■ Exercise goal ■
Would you retype the entries from the first line to the line bearing "The Montblanc Writers", both included, leaving out every picture?

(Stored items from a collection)
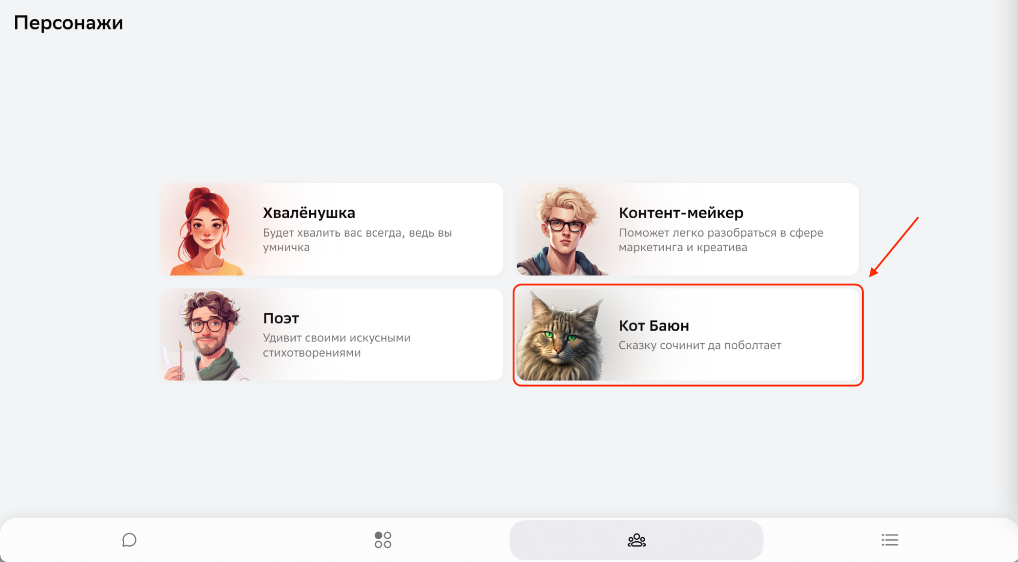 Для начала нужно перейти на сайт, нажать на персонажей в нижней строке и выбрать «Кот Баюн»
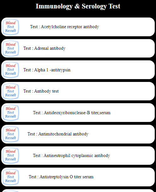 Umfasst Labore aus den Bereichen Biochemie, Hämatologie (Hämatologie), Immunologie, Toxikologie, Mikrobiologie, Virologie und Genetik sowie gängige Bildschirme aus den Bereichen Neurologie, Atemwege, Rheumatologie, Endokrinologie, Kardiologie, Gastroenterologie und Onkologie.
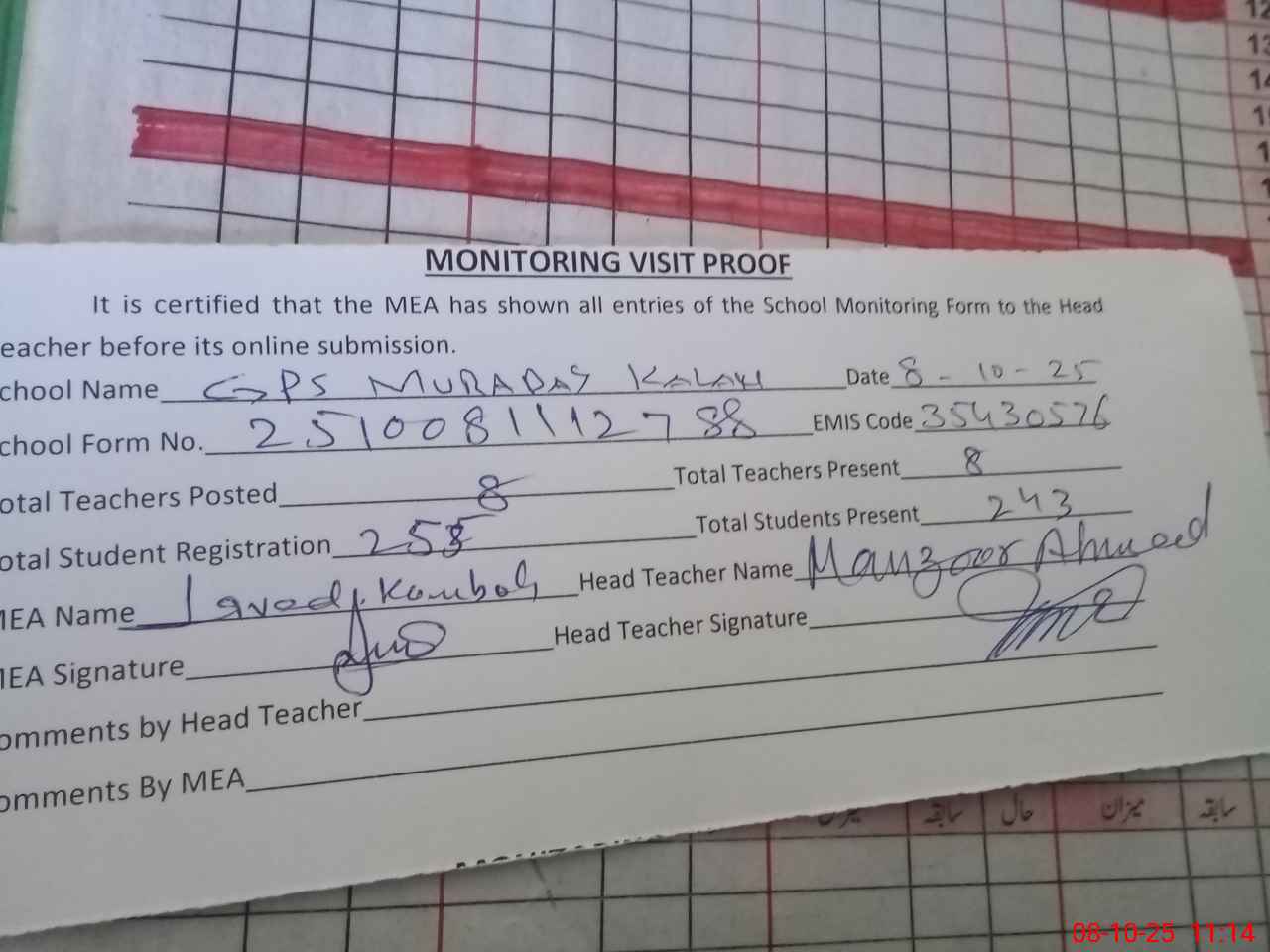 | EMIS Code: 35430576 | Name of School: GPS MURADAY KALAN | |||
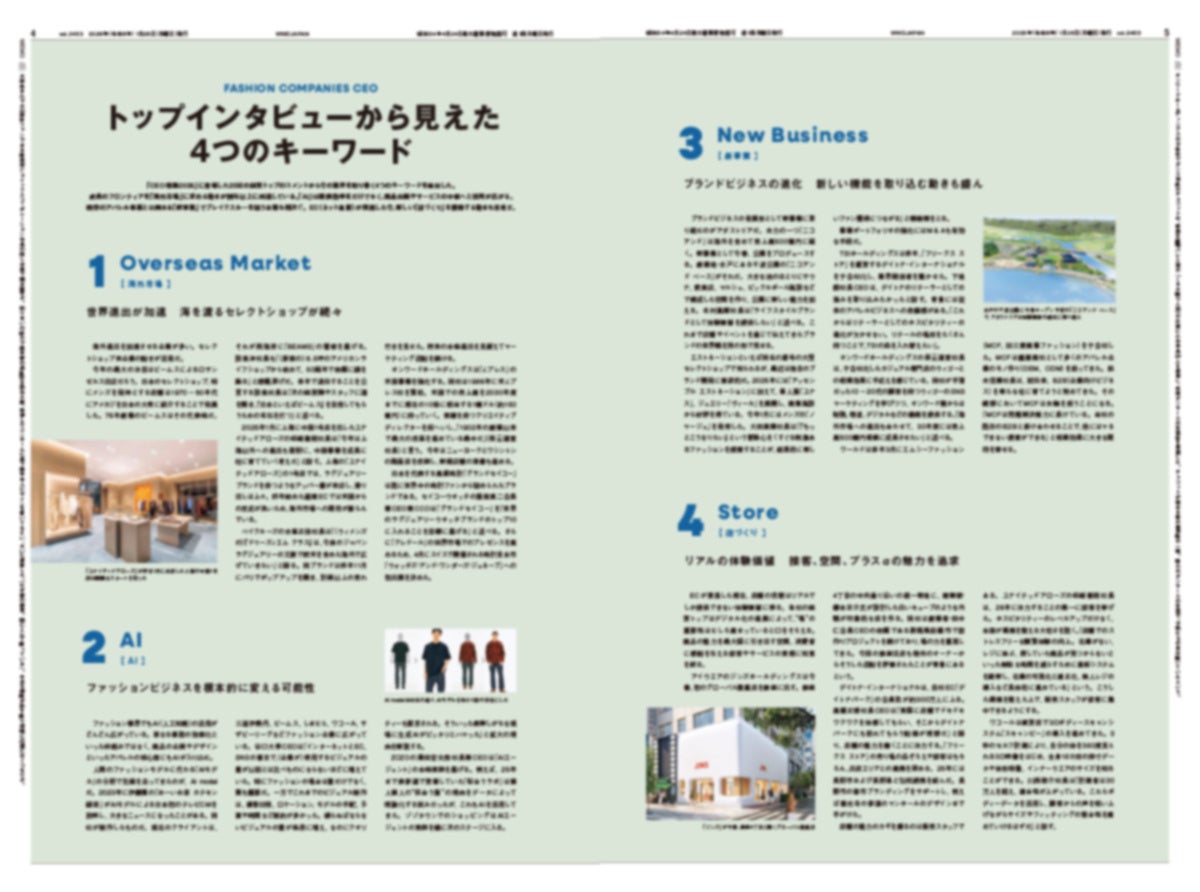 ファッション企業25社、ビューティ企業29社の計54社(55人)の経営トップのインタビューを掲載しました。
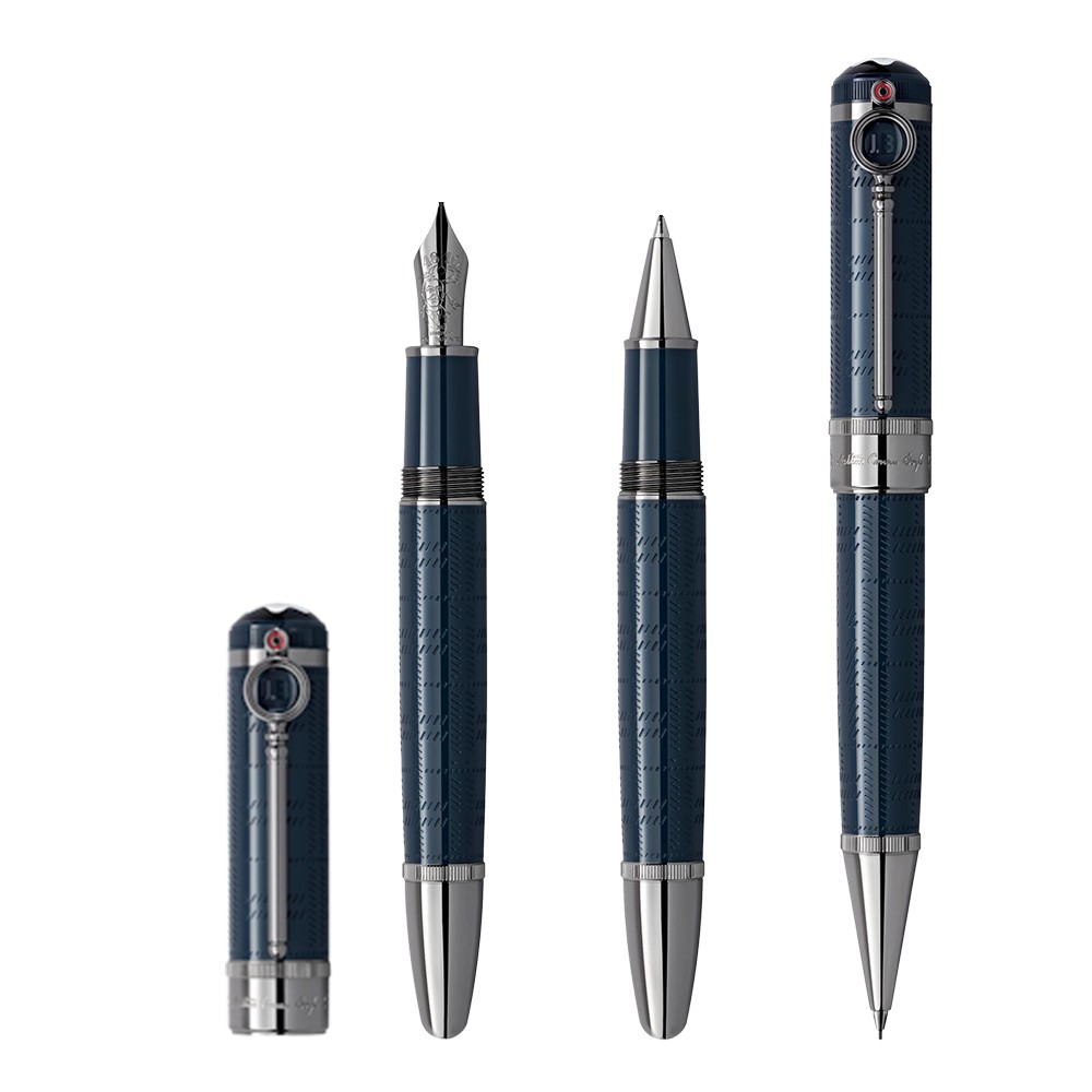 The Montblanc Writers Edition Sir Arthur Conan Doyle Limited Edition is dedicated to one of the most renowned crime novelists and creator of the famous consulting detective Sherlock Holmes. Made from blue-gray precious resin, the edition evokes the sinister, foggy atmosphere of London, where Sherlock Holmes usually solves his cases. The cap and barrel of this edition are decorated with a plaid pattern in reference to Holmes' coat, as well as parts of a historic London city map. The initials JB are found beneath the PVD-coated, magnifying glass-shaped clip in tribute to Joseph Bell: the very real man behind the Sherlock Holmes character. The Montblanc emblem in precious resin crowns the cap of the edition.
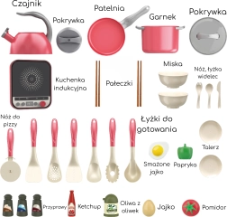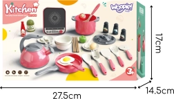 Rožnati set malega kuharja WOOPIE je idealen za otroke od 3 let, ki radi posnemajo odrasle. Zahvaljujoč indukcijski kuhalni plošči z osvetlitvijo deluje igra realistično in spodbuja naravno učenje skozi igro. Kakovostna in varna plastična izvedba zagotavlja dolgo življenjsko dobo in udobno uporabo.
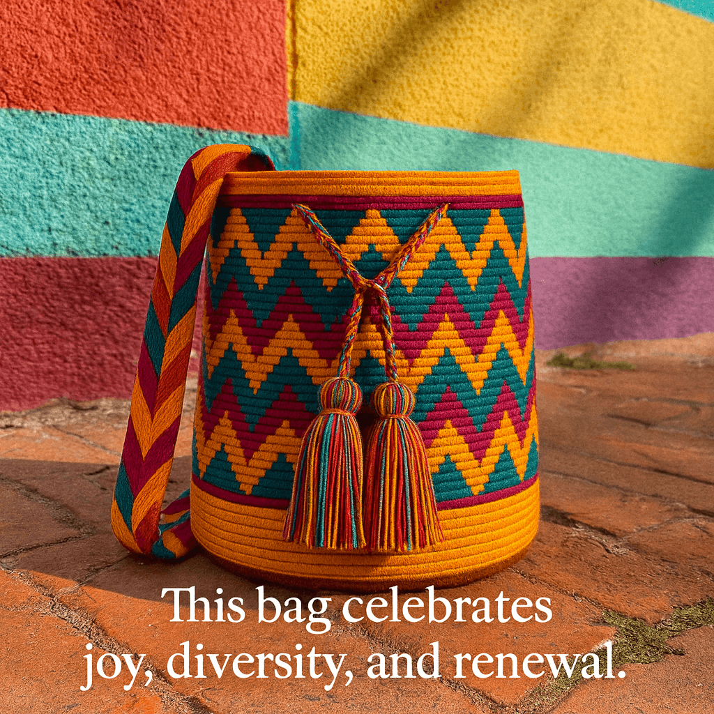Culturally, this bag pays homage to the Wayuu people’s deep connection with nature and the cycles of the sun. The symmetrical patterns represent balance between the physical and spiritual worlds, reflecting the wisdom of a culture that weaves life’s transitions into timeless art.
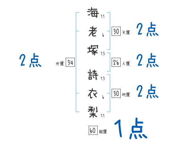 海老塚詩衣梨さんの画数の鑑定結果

■ Problem solution ■
 Для начала нужно перейти на сайт, нажать на персонажей в нижней строке и выбрать «Кот Баюн»
 Umfasst Labore aus den Bereichen Biochemie, Hämatologie (Hämatologie), Immunologie, Toxikologie, Mikrobiologie, Virologie und Genetik sowie gängige Bildschirme aus den Bereichen Neurologie, Atemwege, Rheumatologie, Endokrinologie, Kardiologie, Gastroenterologie und Onkologie.
 | EMIS Code: 35430576 | Name of School: GPS MURADAY KALAN | |||
 ファッション企業25社、ビューティ企業29社の計54社(55人)の経営トップのインタビューを掲載しました。
 The Montblanc Writers Edition Sir Arthur Conan Doyle Limited Edition is dedicated to one of the most renowned crime novelists and creator of the famous consulting detective Sherlock Holmes. Made from blue-gray precious resin, the edition evokes the sinister, foggy atmosphere of London, where Sherlock Holmes usually solves his cases. The cap and barrel of this edition are decorated with a plaid pattern in reference to Holmes' coat, as well as parts of a historic London city map. The initials JB are found beneath the PVD-coated, magnifying glass-shaped clip in tribute to Joseph Bell: the very real man behind the Sherlock Holmes character. The Montblanc emblem in precious resin crowns the cap of the edition.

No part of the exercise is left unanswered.